[Beth Adams’ talk on March 10, 2015] We recently discussed the Benedictine contemplative John Main, for whom the practice of meditation is, first of all, a way for us to become acquainted with ourselves. In his book Word into Silence, I was struck by this simple phrase: “In order to enter into this holy and mysterious communion with the Word of God dwelling within us, we must first have the courage to become more and more silent.”
Today I want to talk to you about another teacher for whom these words would have resonated: Thomas Merton. Merton was born in France in 1915 and baptized in the Church of England; his father was an artist from New Zealand and his mother was an American Quaker, also an artist, who died when Merton was six. During his childhood he lived in the United States and went to schools in France and England. In 1931, when Merton was only sixteen, his father also died and he came under the care of a guardian. In 1933, he entered Cambridge University, and while he was there he lived a very free life. Two years later his guardian agreed not to tell his grandparents about his indiscretions if he would return to the U.S.; Merton did that, entering Columbia University.
He had been a self-professed agnostic until travelling to Rome, where he found himself drawn to the churches and basilicas. In New York City, Merton became part of a group of young intellectuals and writers, and began exploring his own faith, and beginning to feel a desire to make up for some aspects of his past. After reading the story of the conversion of Gerard Manley Hopkins, he felt a strong call to become Catholic, and began receiving instruction, eventually being baptized again and receiving communion in the Catholic Church. After becoming influenced by the Catholic Worker movement, he realized that he was actually experiencing a call to become a priest, and was advised by a very close friend that joining an order might be more suited to his scholarly gifts than parish ministry. As it turned out he entered one of the strictest orders, the Trappists or Cistercians, where monks take a vow of silence and rarely go out into the world.
As a monk and later a priest, we have come to know Merton as one of the most influential proponents of the contemplation, silence, and solitude. But he was someone who struggled all his life with the conflict between his gifts and genuine calling as a writer — someone who worked with words and had a great desire to share them – and an equally strong call to deeper and deeper silence. Even though he lived in a silent order in a Kentucky monastery, it was the time of the Cold War, the nuclear arms race and the struggle for civil rights, and Merton felt these great disturbances just as keenly as we do the problems of our own times.

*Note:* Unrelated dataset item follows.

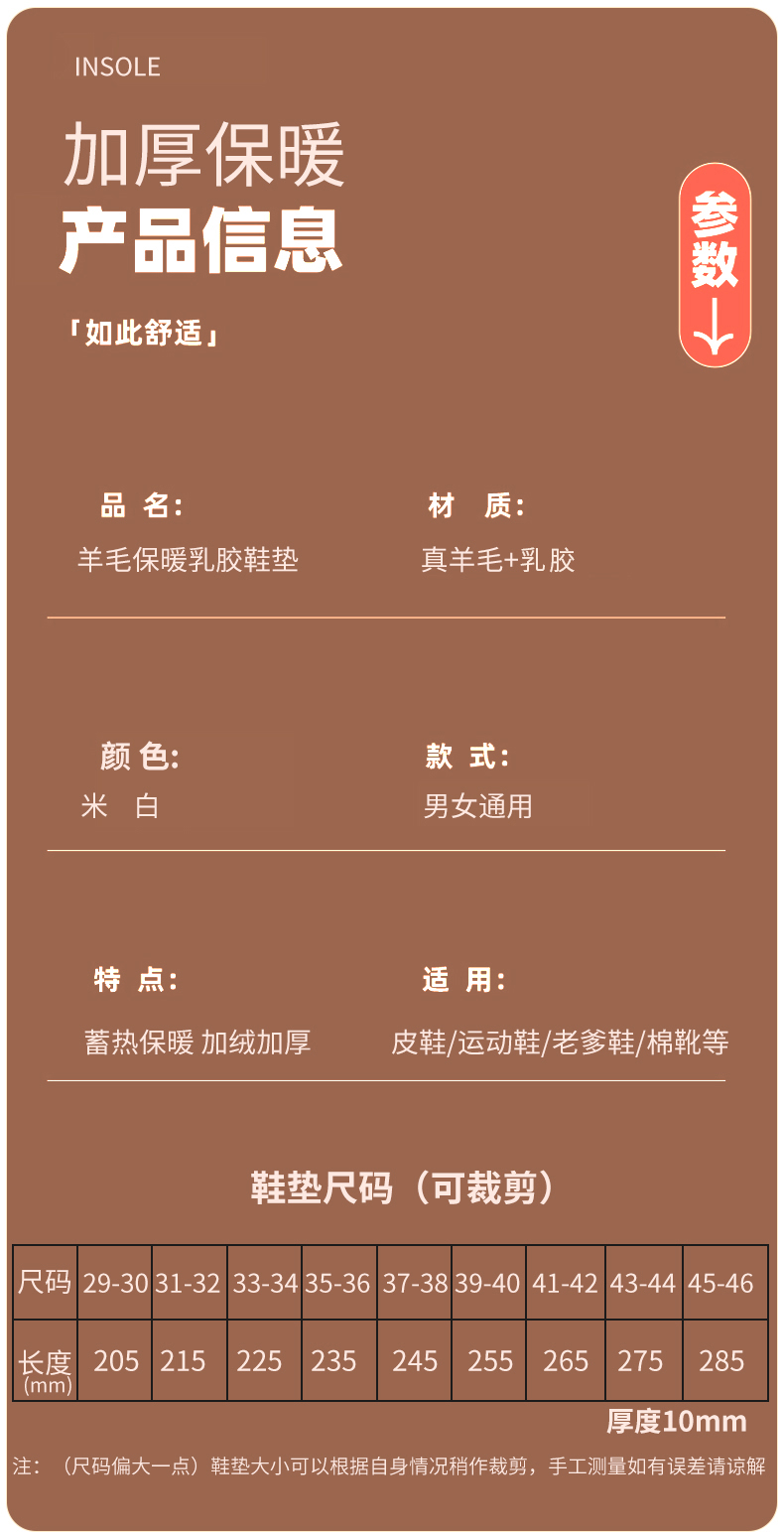 | Цвет: | 【1 пара】 настоящая шерстяная латексная стелька теплый, 【2 пары】 Настоящая шерстяная латексная теплая стелька, 【3 пары】 настоящая шерстяная латексная стелька, [3 пары] искусственный мех кролика, теплая и утолщенная модель, матовая пудра, [3 пары] Модель из искусственного меха кролика теплая и утолщенная - серый, [3 пары] Модель из искусственного меха кролика теплая и утолщенная-хаки., [3 пары] Модель из искусственного меха кролика теплая и утолщенная, кремово-белый., [3 пары] Имитация меха кролика теплая и утолщенная модель-коричневая., [3 пары] искусственный мех кролика, теплая и утолщенная модель, разные цвета., Возьмите другие размеры (29 ярдов) |

I’ve read nearly all of his books, including his journals, and what strikes me the most is how he grew into “the courage to become more and more silent.” By this I do not mean that he failed to speak out about politics, war, non-violence, consumerism, the secularization and growing noisiness of everything, the great need for quiet and stepping-away, the danger of losing our humanity. But those words came out of his experience of deep and profound silence. He does not implore God to come and save us, but for us to learn the wisdom to know who we really are, and thereby save ourselves from ourselves.
Because I am a writer myself, Merton’s story and struggles have often struck home. For whom do I speak? For whom do I write? How much of my dependence on words comes from pride and the desire to impress other human beings — even in prayer? Right now, in the very middle of Lent, is a good time for me to listen intently to John Main’s comment, “In order to enter into this holy and mysterious communion with the Word of God dwelling within us, we must first have the courage to become more and more silent.”
The courage to become more and more silent means, first of all, having faith that we can actually meet God in silence and that He knows our needs before we ask. Do we really believe this? And second, it means having the courage to closely examine our reasons for using words in the first place.
Merton writes: “There are many declarations made only because we think other people are expecting us to make them. The silence of God should teach us when to speak and when not to speak. But we cannot bear the thought of that silence, lest it cost us the trust and respect of others.”